• _What you are asked to do_
Set down the data again word for word. Skip any pictures.

• _Data_
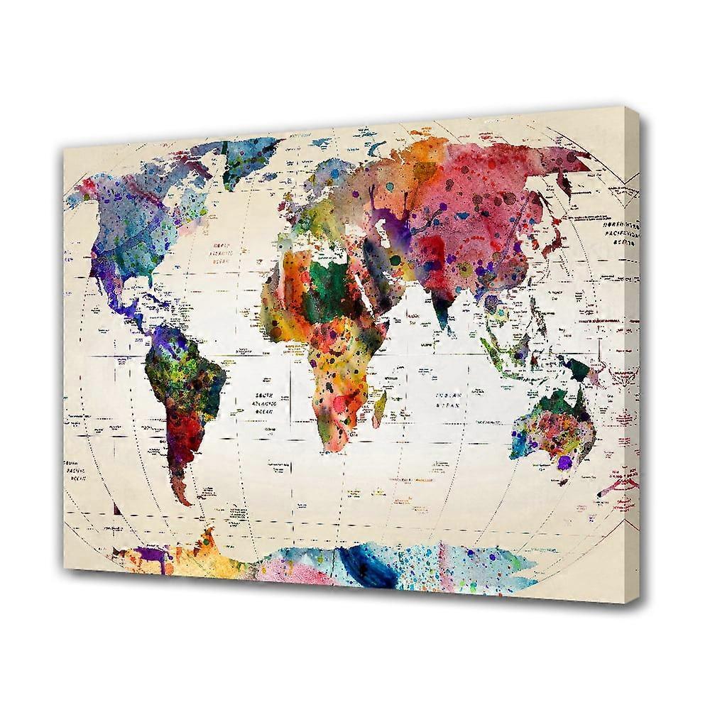 Watercolor World Map Canvas Poster Bedroom Decor Sports Landscape Office Room Decor Gift,Frame-style,12x18inch(30x45cm)
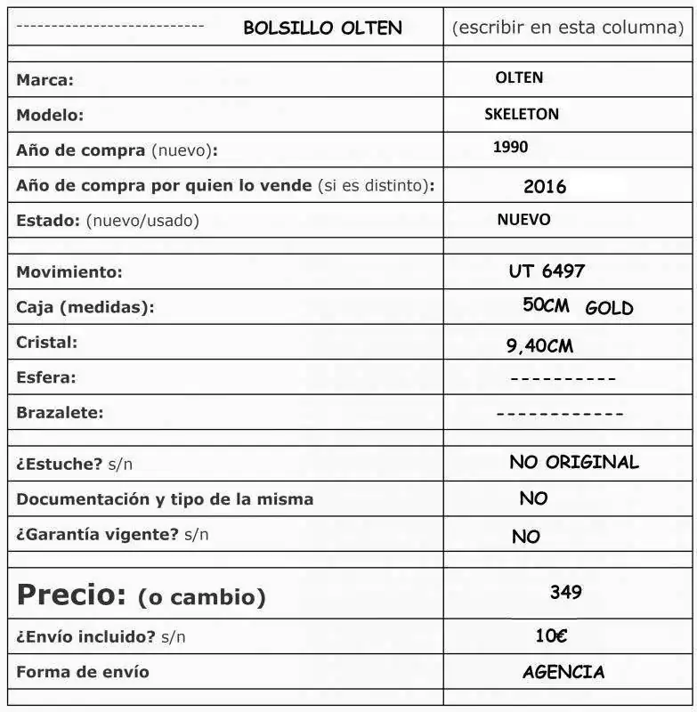 (EL PRECIO ACTUAL DEL RELOJ EN OLTEN ES DE 1.200€ + ENVÍO).
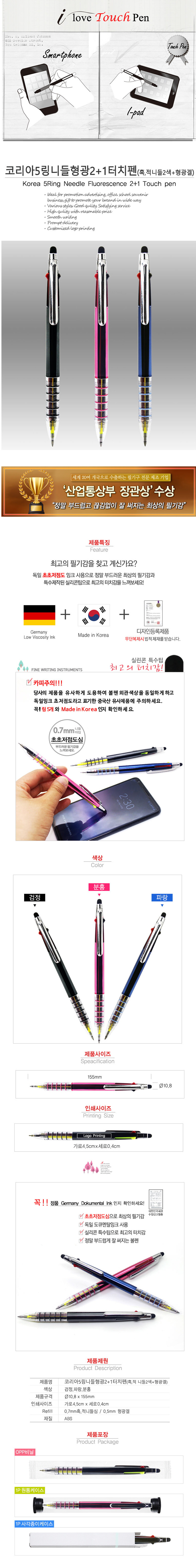 • 코리아5링니들형광2+1터치펜 흑,적니들2색+형광겔

• _Solution for this problem_
 Watercolor World Map Canvas Poster Bedroom Decor Sports Landscape Office Room Decor Gift,Frame-style,12x18inch(30x45cm)
 (EL PRECIO ACTUAL DEL RELOJ EN OLTEN ES DE 1.200€ + ENVÍO).
 • 코리아5링니들형광2+1터치펜 흑,적니들2색+형광겔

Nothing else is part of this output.